# Benchmarking high performance Pandas alternatives

In [None]:
%%bash
pip3 -q install -U polars
pip3 -q install vaex
pip -q install datatable
#!pip3 install "git+https://github.com/h2oai/datatable.git"



In [None]:
import pandas as pd
from time import time
import polars as pl
import vaex as vx
import datatable as dt
import plotly.express as px

In [None]:
data_URL = "https://raw.githubusercontent.com/keitazoumana/Experimentation-Data/main/diabetes.csv"

original_data = pd.read_csv(data_URL)

# Duplicate each row 100000 times
benchmarking_df = original_data.loc[original_data.index.repeat(100000)]


In [None]:
# Save the benchmarking data
file_name = "benchmarking_data.csv"

benchmarking_df.to_csv(file_name, index=False)

In [None]:
def plot_metrics(list_exec_time, graph_title):

	df = pd.DataFrame(list_exec_time)

	fig = px.bar(df, x='library', y= 'execution_time', title=graph_title)

	fig.show()


def read_csv_with_time(library_name, file_name):

  final_time = 0

  start_time = time()

  if library_name.lower() == 'polars':
      df = pl.read_csv(file_name)

  elif library_name.lower() == 'pandas':
      df = pd.read_csv(file_name)

  elif library_name.lower() == 'vaex':
      df = vx.read_csv(file_name)

  elif library_name.lower() == 'datatable':
      df = dt.fread(file_name)

  else:
      raise ValueError("Invalid library name.

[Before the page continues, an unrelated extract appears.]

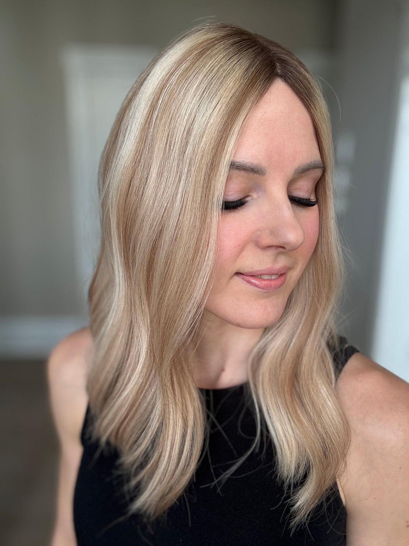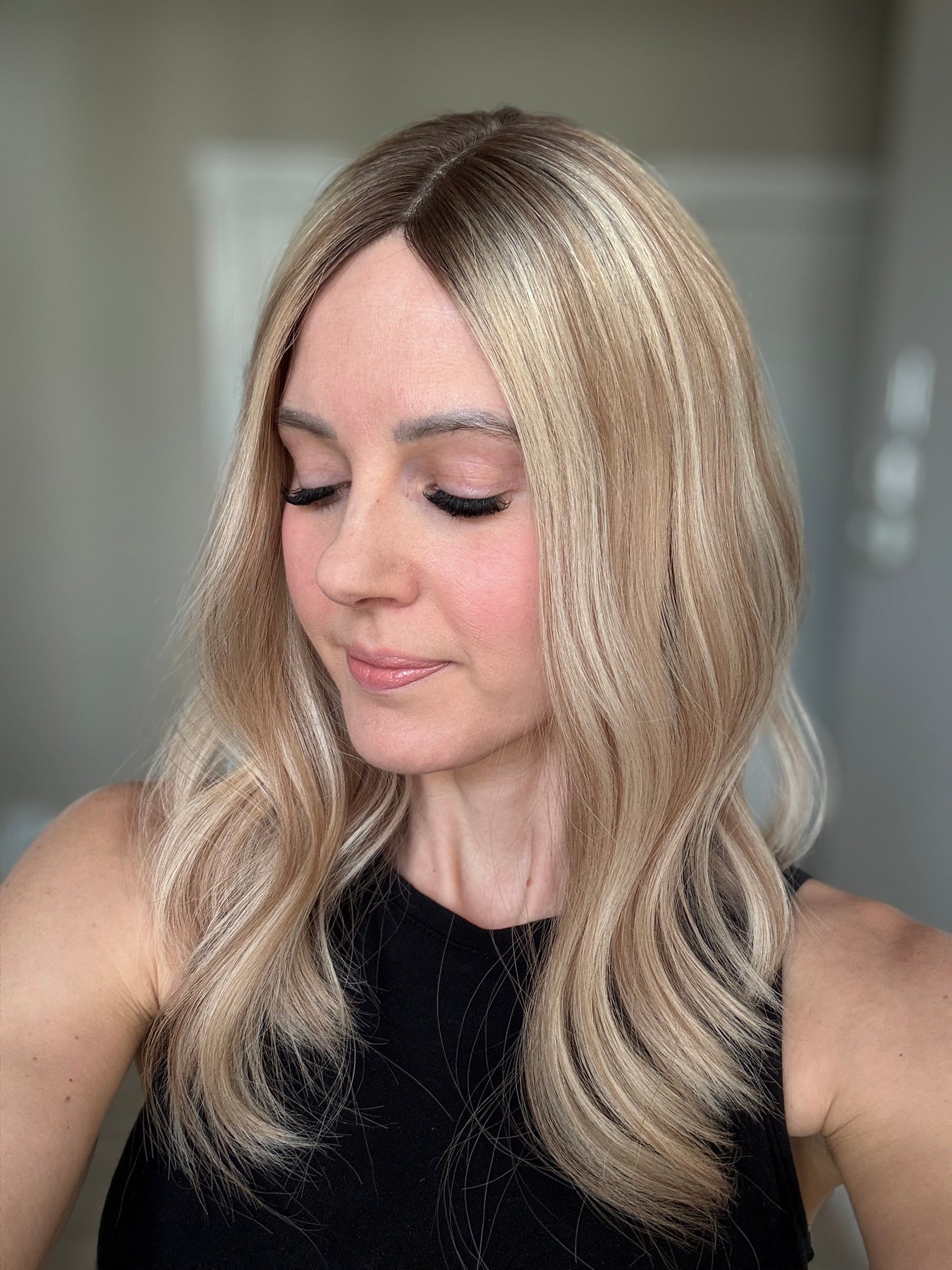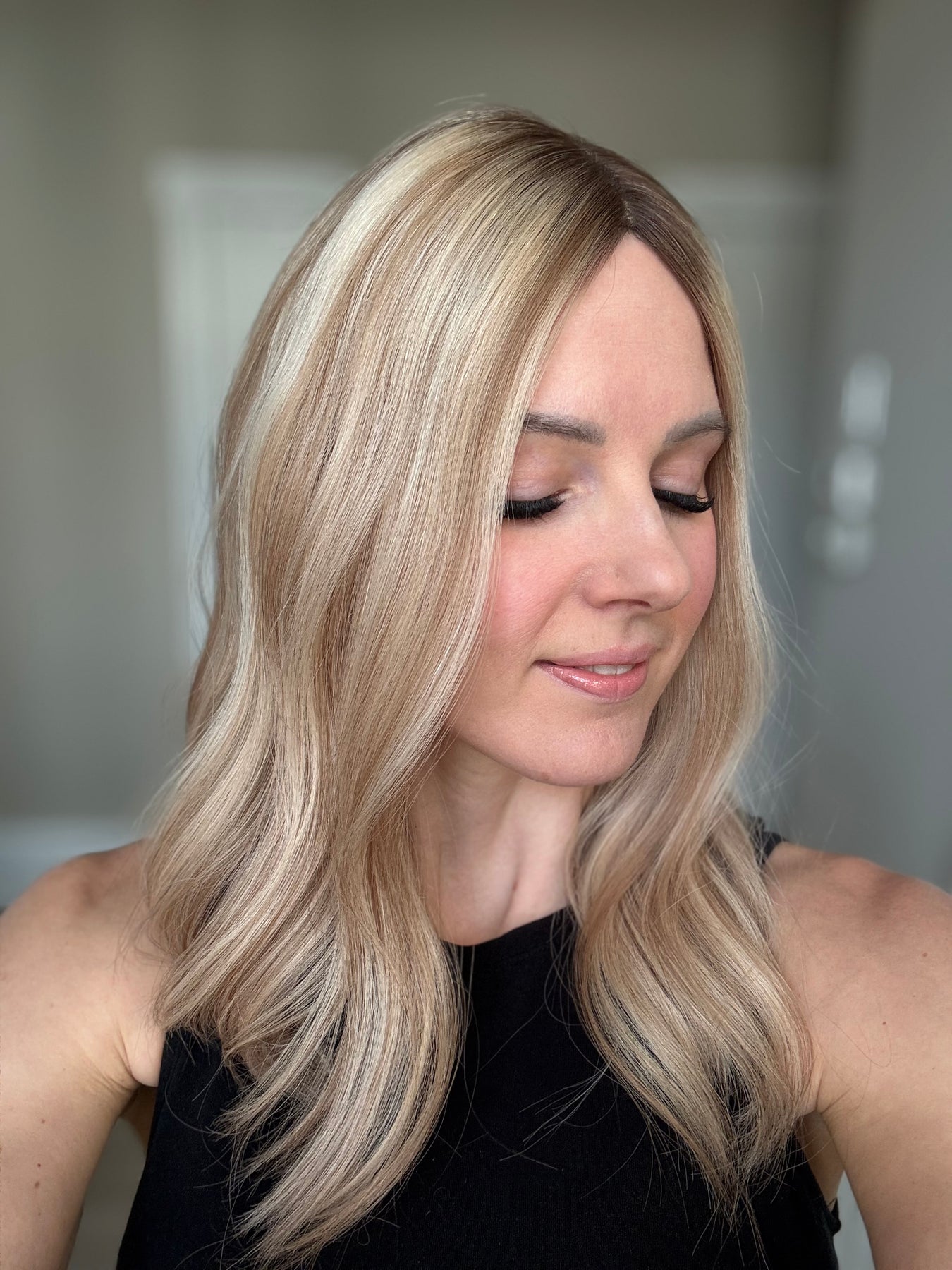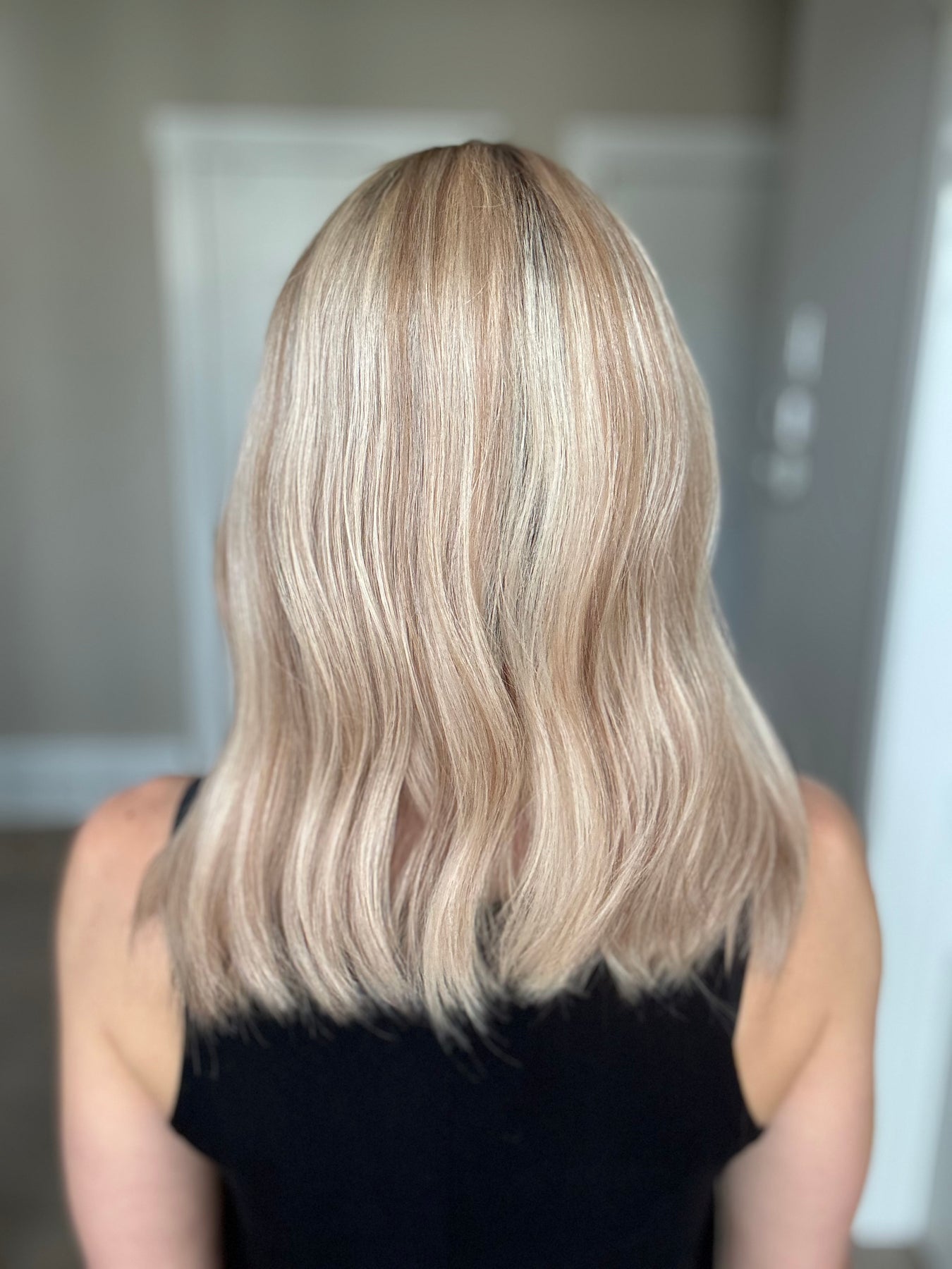 Color: Neutral light blonde with dark blonde lowlights and medium brown rooting.

Must be 'polars', 'pandas', 'vaex', or 'datatable'")

  end_time = time()

  final_time = end_time - start_time

  return {"library": library_name, "execution_time": final_time}, df




In [None]:
pandas_time, pandas_df = read_csv_with_time('pandas', file_name)
polars_time, polars_df = read_csv_with_time('polars', file_name)
vaex_time, vaex_df = read_csv_with_time('vaex', file_name)
datatable_time, dt_df = read_csv_with_time('datatable', file_name)

In [None]:
exec_times = [pandas_time, polars_time,
          	vaex_time, datatable_time]

def plot_metrics(list_exec_time, graph_title):

	[print(exec_time) for exec_time in list_exec_time]
	df = pd.DataFrame(exec_times)

	# Plot bar plot using Plotly Express
	fig = px.bar(df, x='library', y='execution_time', title=graph_title)
	fig.show()


plot_metrics(exec_times, "Read Execution Time Comparison")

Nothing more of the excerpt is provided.